Let's put the intensities at the bottom arrows. Let the system be in the state (one channel is working). It performs maintenance per unit of time. We indicate the intensity of the arrow. Now let’s imagine that the system is in the state (two channels are working). In order for it to go to, either the first channel or the second must finish servicing; the total intensity of their service flows is equal to the corresponding arrow. The total flow of services provided by three channels has an intensity equal to the channels - We put these intensities at the bottom arrows in Fig. 20.1.

And now, knowing all the intensities, we will use ready-made formulas (19.7), (19.8) for the final probabilities in the scheme of death and reproduction. Using formula (19.8) we get:

The terms of the expansion will be the coefficients in the expressions for

Note that in formulas (20.1), (20.2) the intensities of the Eggs are included not individually, but only in the form of a ratio. Let us denote

and we will call the value “reduced intensity of the flow of applications.” Its meaning is the average number of requests received during the average time of servicing one request. Using this notation, we rewrite formulas (20.1), (20.2) in the form:

Formulas (20.4), (20.5) for the final probabilities of states are called Erlang formulas - in honor of the founder of queuing theory. Most of the other formulas of this theory (today there are more of them than mushrooms in the forest) do not bear any special names.

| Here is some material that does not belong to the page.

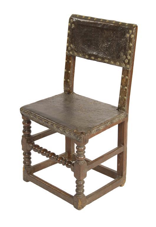A Charles II joined oak backstool, the brass studded leather back and seat on block, bobbin and ring turned supports, united by peripheral stretchers. Old worm, wear, seat repaired with evidence of straw under.

Thus, the final probabilities have been found. Using them, we will calculate the performance characteristics of the QS. First, let's find the probability that an incoming application will be rejected (will not be serviced). To do this, all channels must be busy, which means

From here we find the relative throughput - the probability that the request will be served:

We obtain the absolute throughput by multiplying the intensity of the flow of applications X by

All that remains is to find the average number of occupied channels k. This value could be found “directly”, as the mathematical expectation of a discrete random variable with possible values ​​and probabilities of these values

Substituting expressions (20.5) for here and performing the corresponding transformations, we would eventually obtain the correct formula for k. But we will derive it much more simply (here it is, one of the “little tricks”!) In fact, we know the absolute throughput A. This is nothing more than the intensity of the flow of applications served by the system. Each busy channel serves an average of requests per unit time. This means that the average number of occupied channels is

And what proportion of channels will be idle?

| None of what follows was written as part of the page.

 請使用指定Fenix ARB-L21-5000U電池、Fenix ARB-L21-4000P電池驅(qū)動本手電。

There is already some hint of optimization visible here. In fact, the maintenance of each channel per unit of time costs a certain amount. At the same time, each serviced application generates some income. Multiplying this income by the average number of applications A serviced per unit of time, we obtain the average income from the QS per unit of time. Naturally, as the number of channels increases, this income increases, but the expenses associated with maintaining the channels also increase. What will outweigh - an increase in income or expenses? It depends on the terms of the operation, the “fee for servicing the application” and the cost of maintaining the channel. Knowing these values, you can find the optimal number of channels, the most cost-effective. We will not solve such a problem, leaving it to the same “non-lazy, curious reader” to come up with an example and solve it. In general, inventing problems develops more than solving those already posed by someone.

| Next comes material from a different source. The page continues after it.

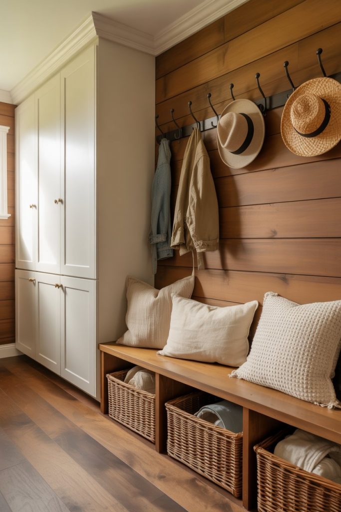 A farmhouse or rustic mudroom brings warmth and personality into daily routines. Think natural wood, shaker cabinets, and textures that feel lived-in but curated. This style works beautifully for families who want a welcoming vibe that still hides mess behind simple, functional cabinetry—a balance farmhouse-inspired creators like Liz Marie Galvan often talk about.

ML systems are part of a broader class of dynamical systems that are sometimes called flow systems. Thread system is a system in which certain objects are moved through one or more channels of limited capacity for the purpose of moving from one point to another. When analyzing flow systems, they are divided into two main classes:

regular systems, i.e. systems in which flows behave in a predictable manner (the magnitude of the flow and the time of its appearance in the channel are known). In the case where there is only one channel, the calculation of the system is trivial. It is obvious that between the flow intensity λ and speed of service With there is a ratio λ < c;

irregular systems, i.e. systems in which threads behave in unpredictable ways.

More interesting is the case of a regular flow that is distributed over a network of channels. It is obvious that the condition λ < c saved for each channel. This creates a complex combinatorial problem.

There are seven roads:

2. A→B→D→E→F

3. A→C→B→ E→F

   A→C→B→D→E→F

   A→C→B→ D→F

It is necessary to transport cargo from A V F. The capacity of each channel is known. What is the network capacity and what path should the flow take? This problem can be solved using the maximum flow theorem, which we considered earlier (Fig. 6).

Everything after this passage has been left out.